[Items from a dataset]
== Segment start ==

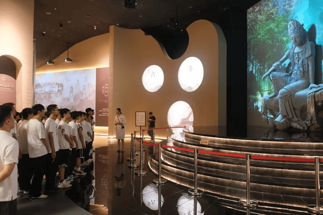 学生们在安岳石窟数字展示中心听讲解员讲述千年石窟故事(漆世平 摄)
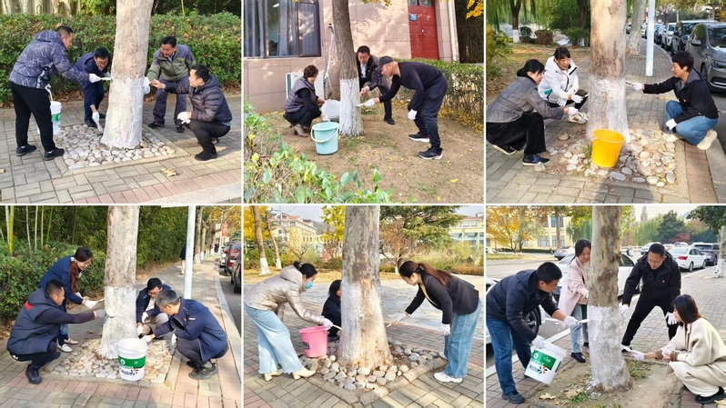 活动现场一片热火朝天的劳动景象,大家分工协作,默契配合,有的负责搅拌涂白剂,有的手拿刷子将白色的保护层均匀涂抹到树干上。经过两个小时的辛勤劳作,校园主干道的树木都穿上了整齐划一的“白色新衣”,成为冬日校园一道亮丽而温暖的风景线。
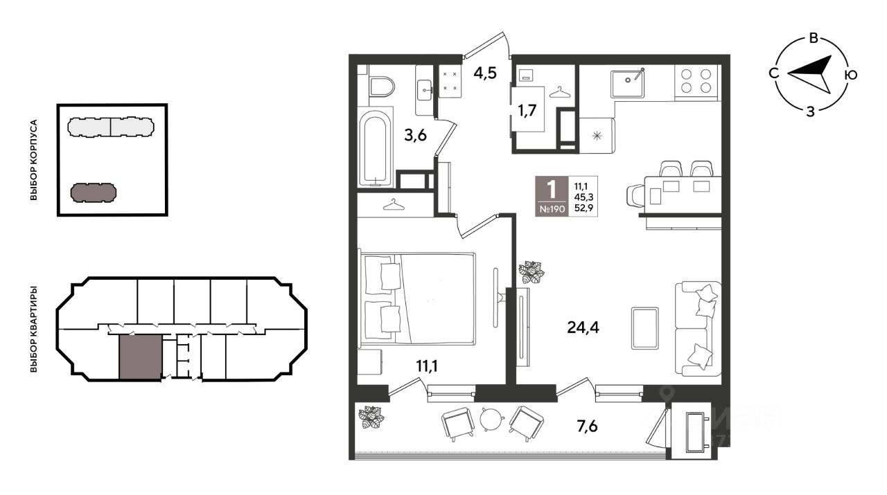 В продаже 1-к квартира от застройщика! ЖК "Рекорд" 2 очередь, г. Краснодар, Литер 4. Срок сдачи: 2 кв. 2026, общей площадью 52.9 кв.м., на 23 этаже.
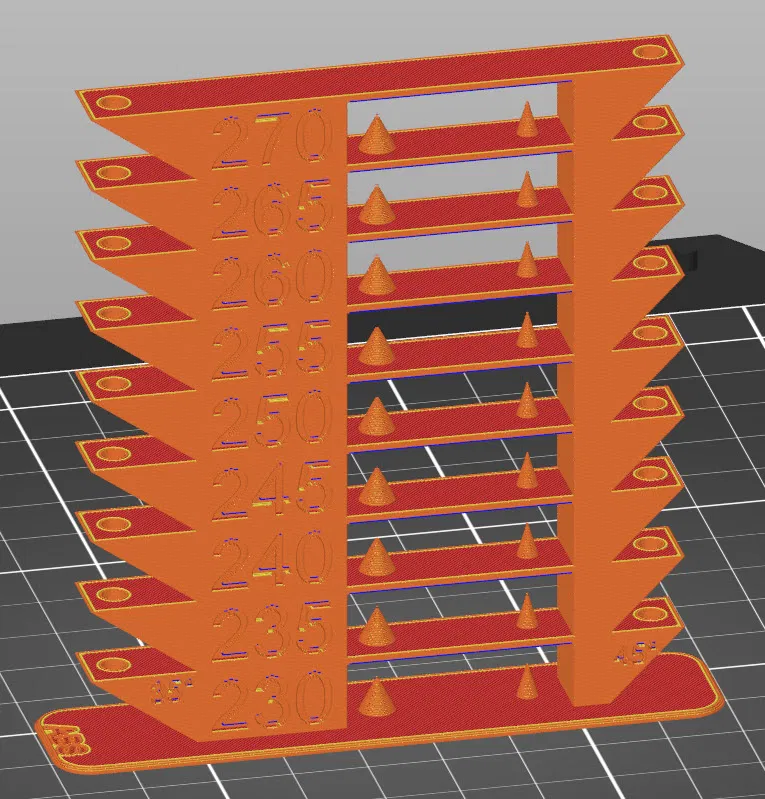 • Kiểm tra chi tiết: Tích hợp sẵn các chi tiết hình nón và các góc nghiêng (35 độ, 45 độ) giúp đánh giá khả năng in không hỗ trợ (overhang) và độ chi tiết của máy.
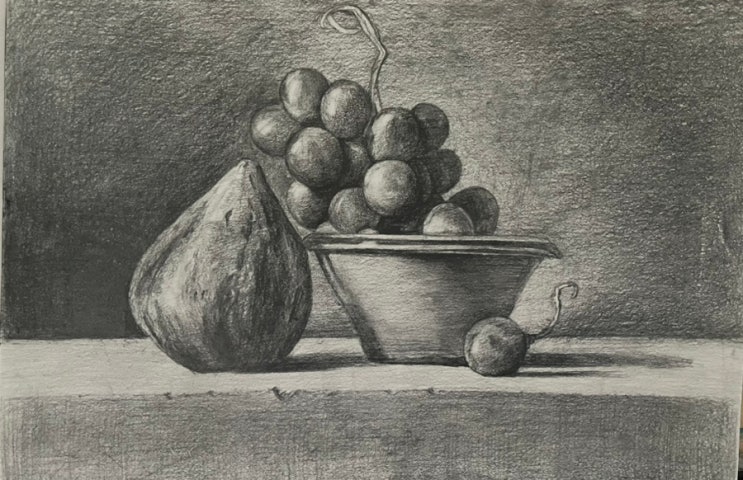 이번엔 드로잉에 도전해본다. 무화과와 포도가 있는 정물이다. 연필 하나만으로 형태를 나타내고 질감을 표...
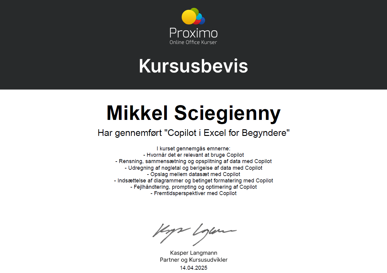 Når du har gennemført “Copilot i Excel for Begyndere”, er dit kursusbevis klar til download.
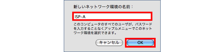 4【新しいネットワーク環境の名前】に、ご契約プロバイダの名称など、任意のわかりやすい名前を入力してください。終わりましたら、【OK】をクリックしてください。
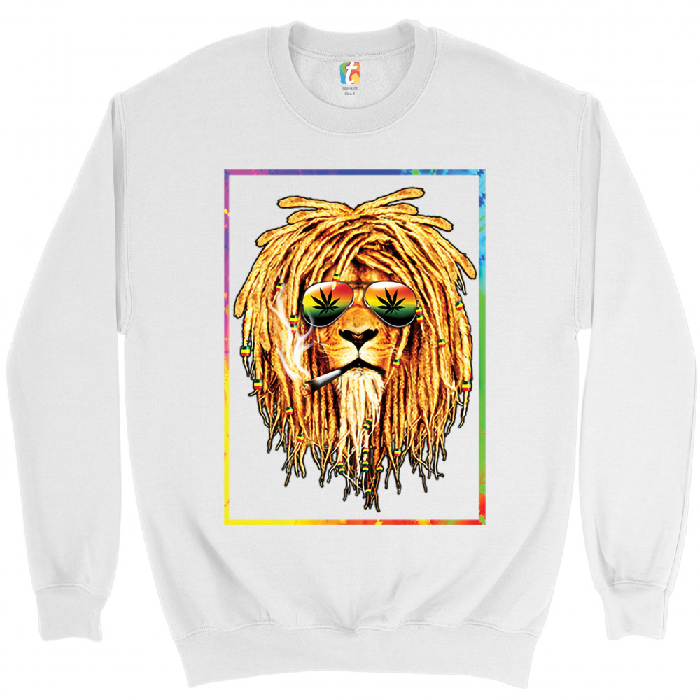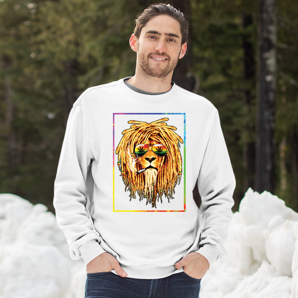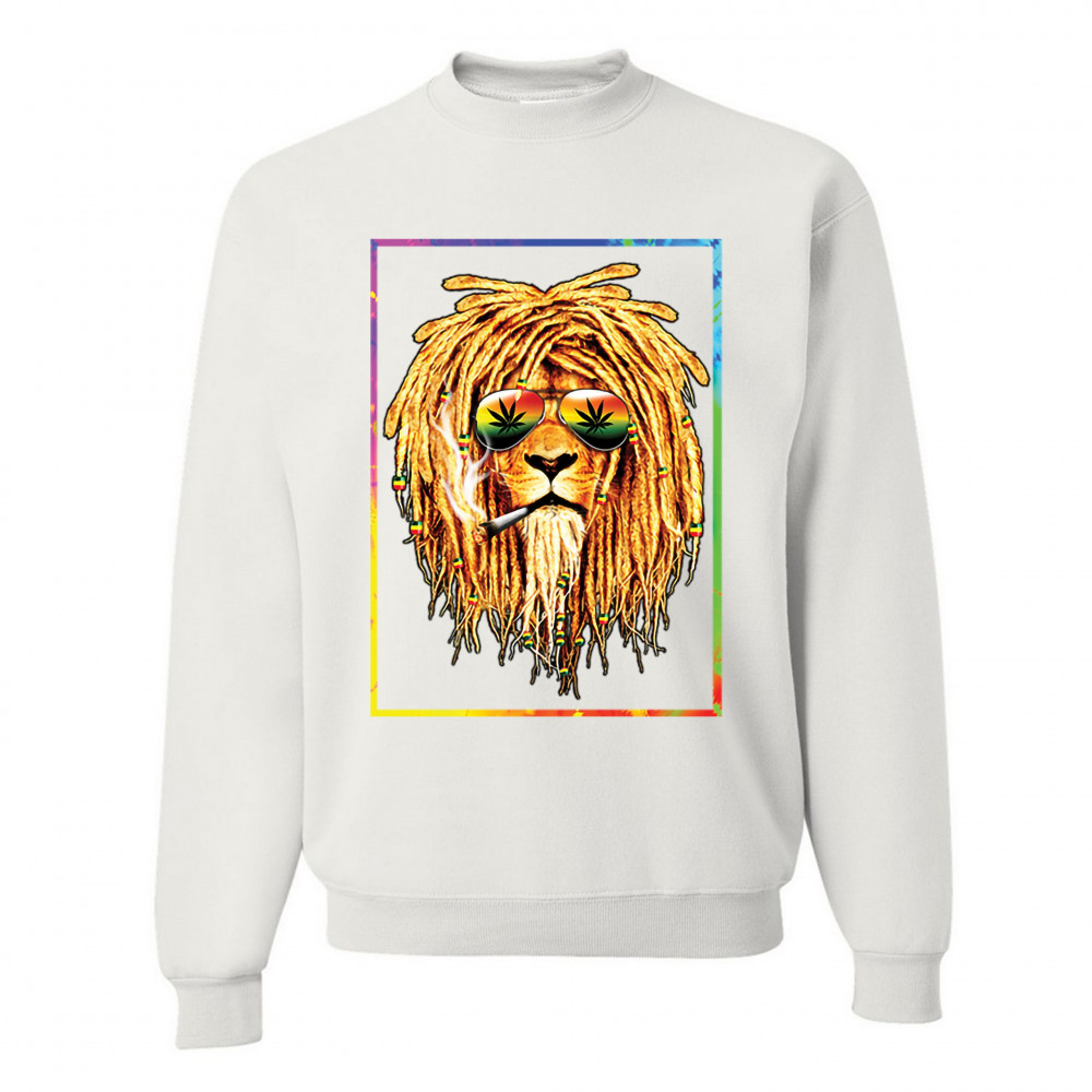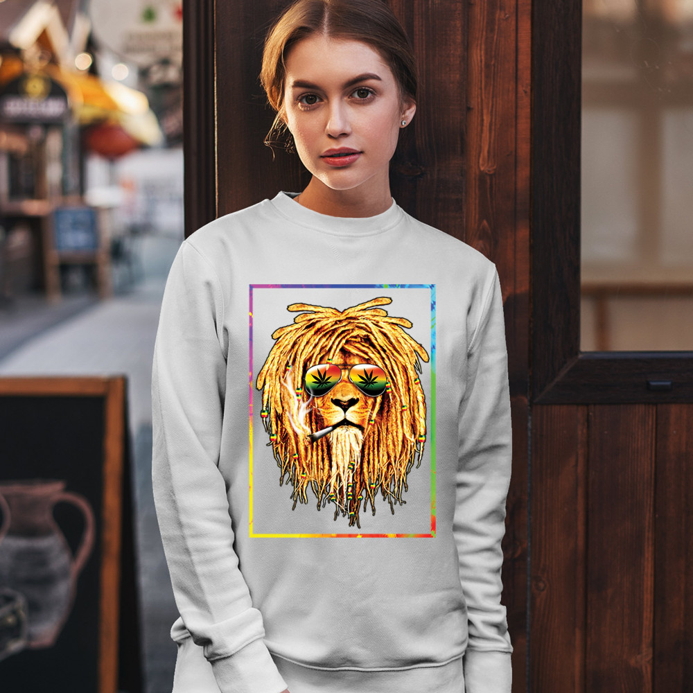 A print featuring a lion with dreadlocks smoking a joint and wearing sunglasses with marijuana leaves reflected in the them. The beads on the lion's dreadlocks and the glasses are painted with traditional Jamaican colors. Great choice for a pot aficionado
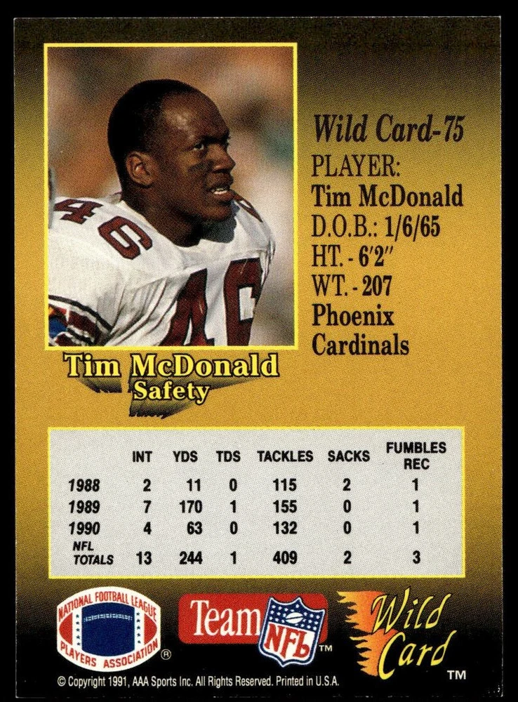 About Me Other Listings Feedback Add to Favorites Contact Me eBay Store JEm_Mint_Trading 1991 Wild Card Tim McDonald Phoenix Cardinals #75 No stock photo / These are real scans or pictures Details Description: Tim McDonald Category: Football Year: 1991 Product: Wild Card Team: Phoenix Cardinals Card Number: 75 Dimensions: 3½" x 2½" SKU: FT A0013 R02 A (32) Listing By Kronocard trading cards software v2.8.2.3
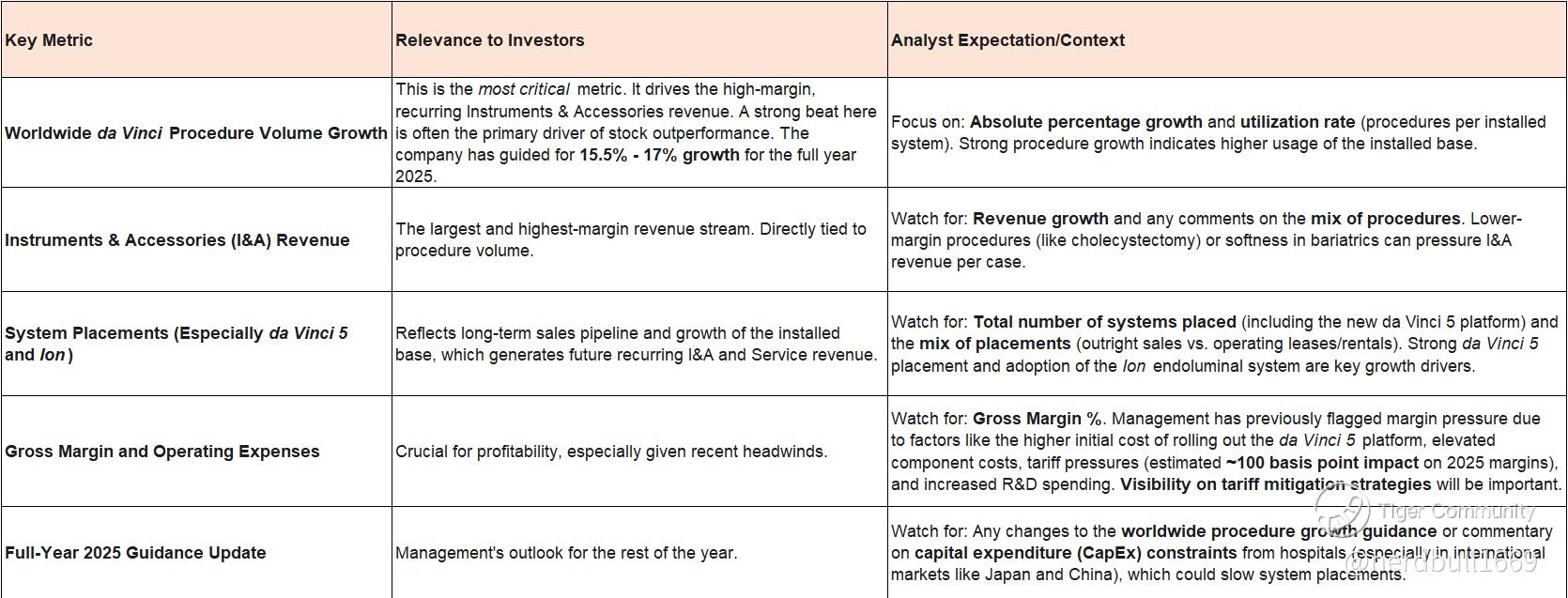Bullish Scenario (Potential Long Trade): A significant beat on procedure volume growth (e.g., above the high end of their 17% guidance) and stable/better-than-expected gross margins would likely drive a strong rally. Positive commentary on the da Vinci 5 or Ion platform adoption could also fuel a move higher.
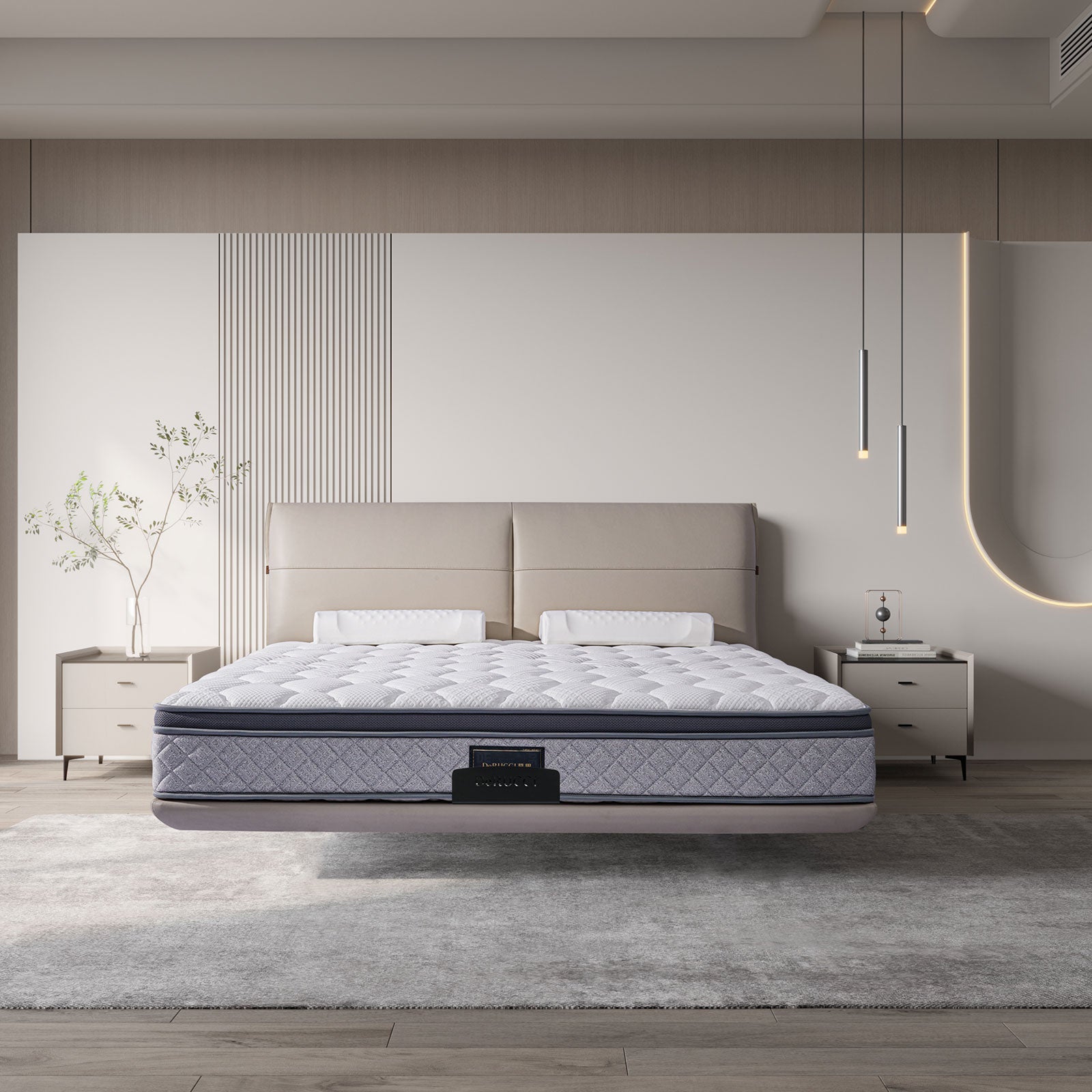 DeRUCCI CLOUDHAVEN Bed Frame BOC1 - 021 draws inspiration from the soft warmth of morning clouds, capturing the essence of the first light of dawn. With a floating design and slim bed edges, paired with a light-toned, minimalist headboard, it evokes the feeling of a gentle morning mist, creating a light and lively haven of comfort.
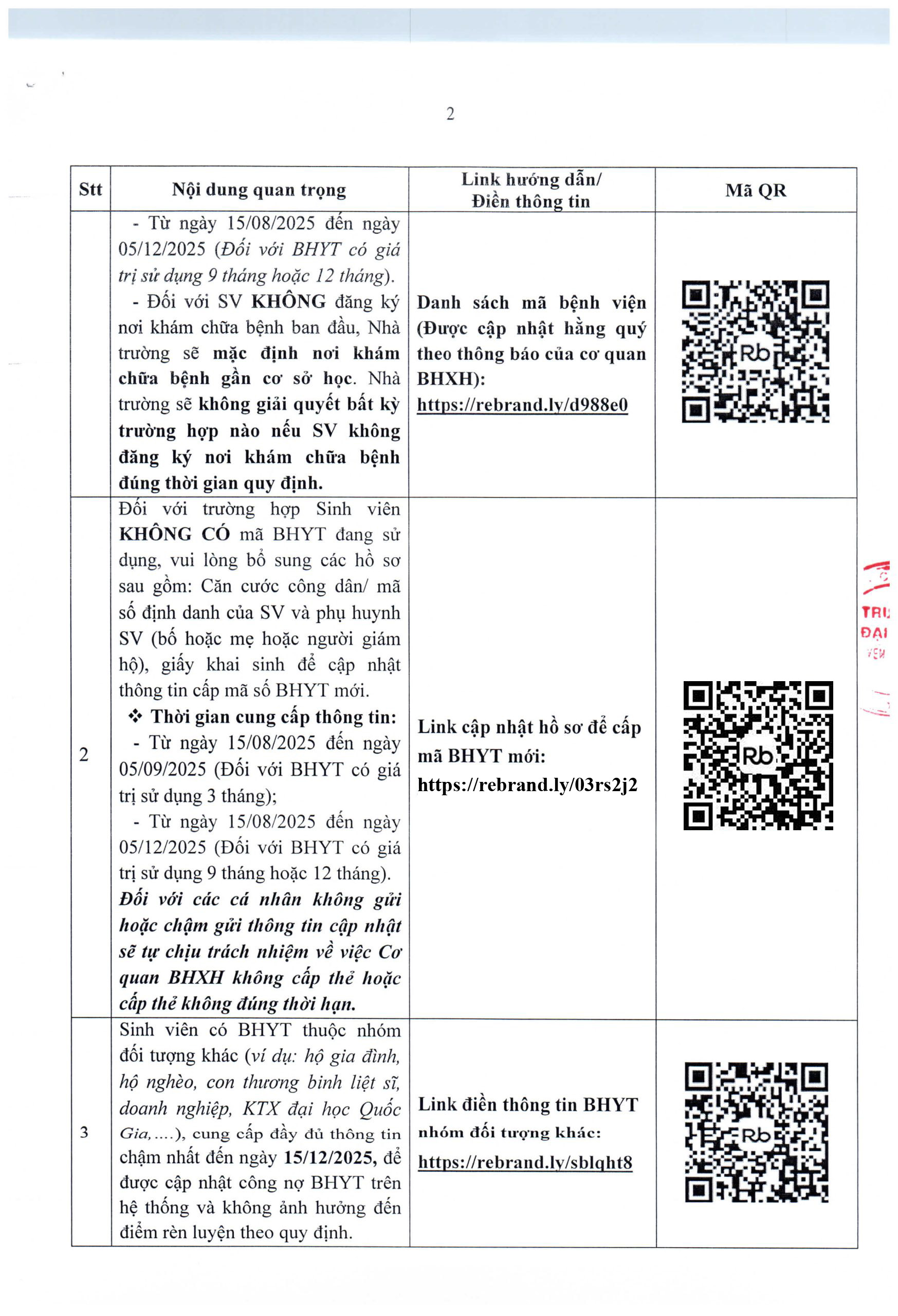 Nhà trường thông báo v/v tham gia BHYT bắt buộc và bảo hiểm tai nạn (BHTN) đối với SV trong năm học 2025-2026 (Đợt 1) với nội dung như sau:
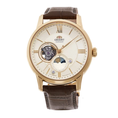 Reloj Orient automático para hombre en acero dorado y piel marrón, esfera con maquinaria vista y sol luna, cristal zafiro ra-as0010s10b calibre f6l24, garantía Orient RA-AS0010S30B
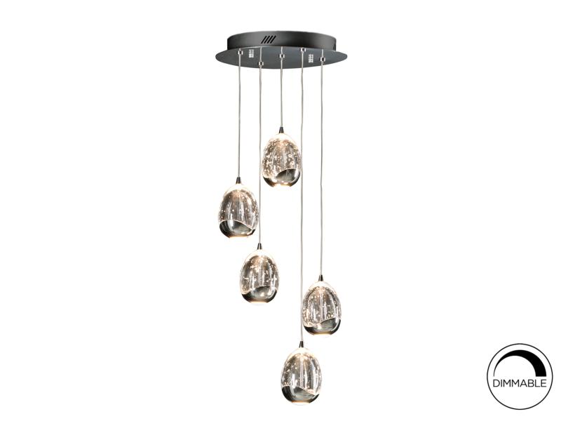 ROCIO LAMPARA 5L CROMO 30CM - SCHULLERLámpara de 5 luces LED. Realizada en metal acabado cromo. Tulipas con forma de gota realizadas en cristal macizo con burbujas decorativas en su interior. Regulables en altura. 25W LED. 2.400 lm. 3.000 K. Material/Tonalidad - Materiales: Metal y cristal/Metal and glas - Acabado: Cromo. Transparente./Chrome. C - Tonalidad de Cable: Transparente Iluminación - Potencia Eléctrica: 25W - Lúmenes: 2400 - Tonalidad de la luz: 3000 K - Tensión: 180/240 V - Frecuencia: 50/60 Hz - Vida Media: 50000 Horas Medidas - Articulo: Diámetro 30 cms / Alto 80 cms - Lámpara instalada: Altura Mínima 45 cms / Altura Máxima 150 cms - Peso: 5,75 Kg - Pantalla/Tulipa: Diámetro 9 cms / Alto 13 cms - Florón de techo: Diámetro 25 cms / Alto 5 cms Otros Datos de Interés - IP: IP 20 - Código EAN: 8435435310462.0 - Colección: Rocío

== Segment end ==

TASK
Nothing but the lines from the one with "Nhà trường thông" to the one with "Reloj Orient automático" above, both included, should be transcribed, exactly and without pictures.

YOUR RESPONSE
 Nhà trường thông báo v/v tham gia BHYT bắt buộc và bảo hiểm tai nạn (BHTN) đối với SV trong năm học 2025-2026 (Đợt 1) với nội dung như sau:
 Reloj Orient automático para hombre en acero dorado y piel marrón, esfera con maquinaria vista y sol luna, cristal zafiro ra-as0010s10b calibre f6l24, garantía Orient RA-AS0010S30B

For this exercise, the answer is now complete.